Partai kayak kapal selam, muncul ketika pemilu lalu tenggelam

'Partai kayak kapal selam, muncul ketika pemilu lalu tenggelam'. Di sisi lain dia menilai partai hanya mementingkan kepengurusan keanggotaan di tingkat kabupaten atau kota. Sedangkan di tingkat kecamatan seolah terlupakan. Padahal dalam keputusan MK soal verifikasi faktual akan dilakukan sampai tingkat kecamatan.

Syifa Hanifah
Oleh Syifa Hanifah - Reporter
Partai kayak kapal selam, muncul ketika pemilu lalu tenggelam
Ilustrasi Pemilu. ©2015 Merdeka.com

Mantan Komisioner Komisi Pemilihan Umum (KPU) Sigit Pamungkas menilai pengelolaan partai politik seperti kapal selam. Maksudnya, kata dia, muncul saat tahun politik saja kemudian menghilang saat telah usai.

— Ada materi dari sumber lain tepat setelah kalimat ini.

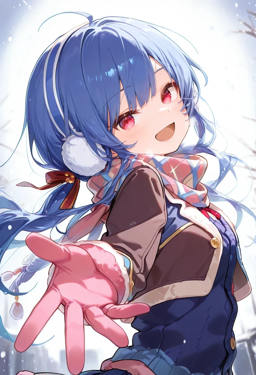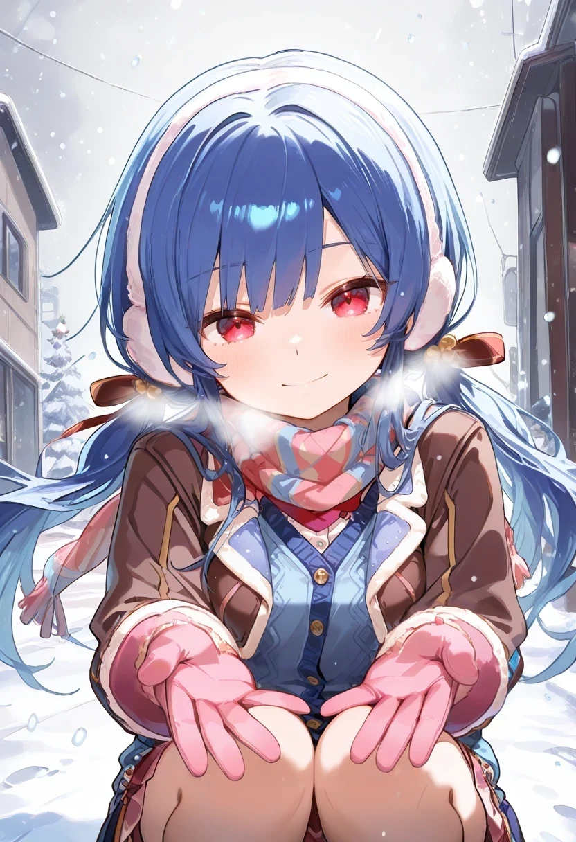 scarf,pink gloves,earmuffs,red ribbon,hair ribbon,low twintails,blue cardigan,brown jacket,cropped jacket,Maid:

"Partai kayak kapal selam ya, muncul ketika pemilu, setelah pemilu tenggelam lagi enggak pernah mengurus," katanya dalam diskusi perspektif Indonesia dengan tema Pro Kontra Verifikasi Faktual Parpol, di Menteng, Jakarta Pusat, Sabtu (20/1).

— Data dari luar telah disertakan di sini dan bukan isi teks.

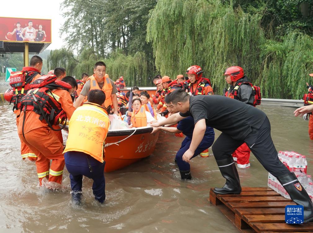 新華全媒+丨北京房山有序轉運暴雨受災人員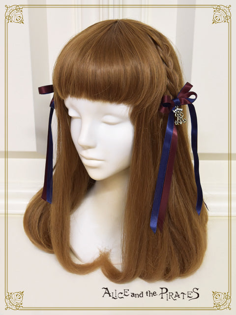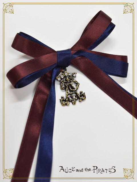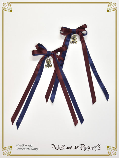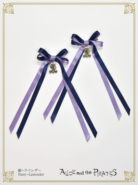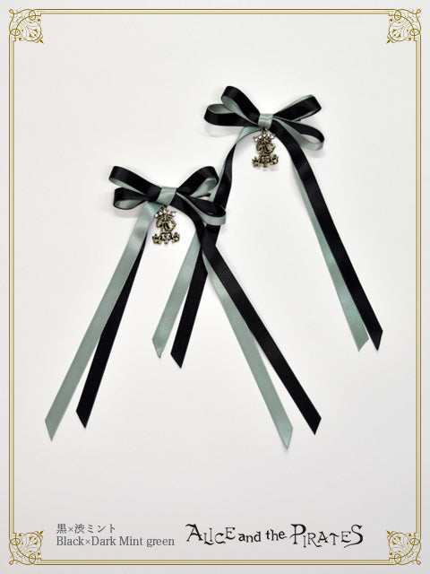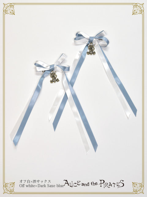 アンティークゴールドのPIRATESオリジナルチャームを中央にあしらった、対照的な2つのカラー使いが目を惹く2個1組のサテンリボンクリップです。

Di sisi lain dia menilai partai hanya mementingkan kepengurusan keanggotaan di tingkat kabupaten atau kota. Sedangkan di tingkat kecamatan seolah terlupakan. Padahal dalam keputusan MK soal verifikasi faktual akan dilakukan sampai tingkat kecamatan.

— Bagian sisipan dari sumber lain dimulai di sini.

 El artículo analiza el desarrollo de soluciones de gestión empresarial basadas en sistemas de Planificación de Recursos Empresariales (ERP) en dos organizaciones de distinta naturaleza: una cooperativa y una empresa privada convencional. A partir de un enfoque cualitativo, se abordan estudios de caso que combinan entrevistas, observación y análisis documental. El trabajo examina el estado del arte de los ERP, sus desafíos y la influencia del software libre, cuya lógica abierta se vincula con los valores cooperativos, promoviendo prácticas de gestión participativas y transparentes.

"Pada kepengurusan di level kecamatan tahun 2014 verifikasi faktual itu tidak dilaksanakan waktu itu," jelasnya.

Di tingkat kecamatan dia juga mengakui partai politik seolah lepas tangan. Hal ini karena banyak infrastruktur keanggotaan di kecamatan tidak diperhatikan. Tentu ini menjadi tantangan untuk partai politik

"Sewa ruang untuk kantor tak murah, apalagi jika dikalikan dengan jumlah kecamatan. Saya juga tidak yakin partai politik mencatat anggotanya dengan rapi. Karenanya partai tak cukup siap verifikasi anggota di tingkat kecamatan, tetapi kabupaten mereka masih bisa pegang. Ini seperti partai kapal selam, muncul pas Pemilu. Ini jadi tantangan partai politik," kata Sigit.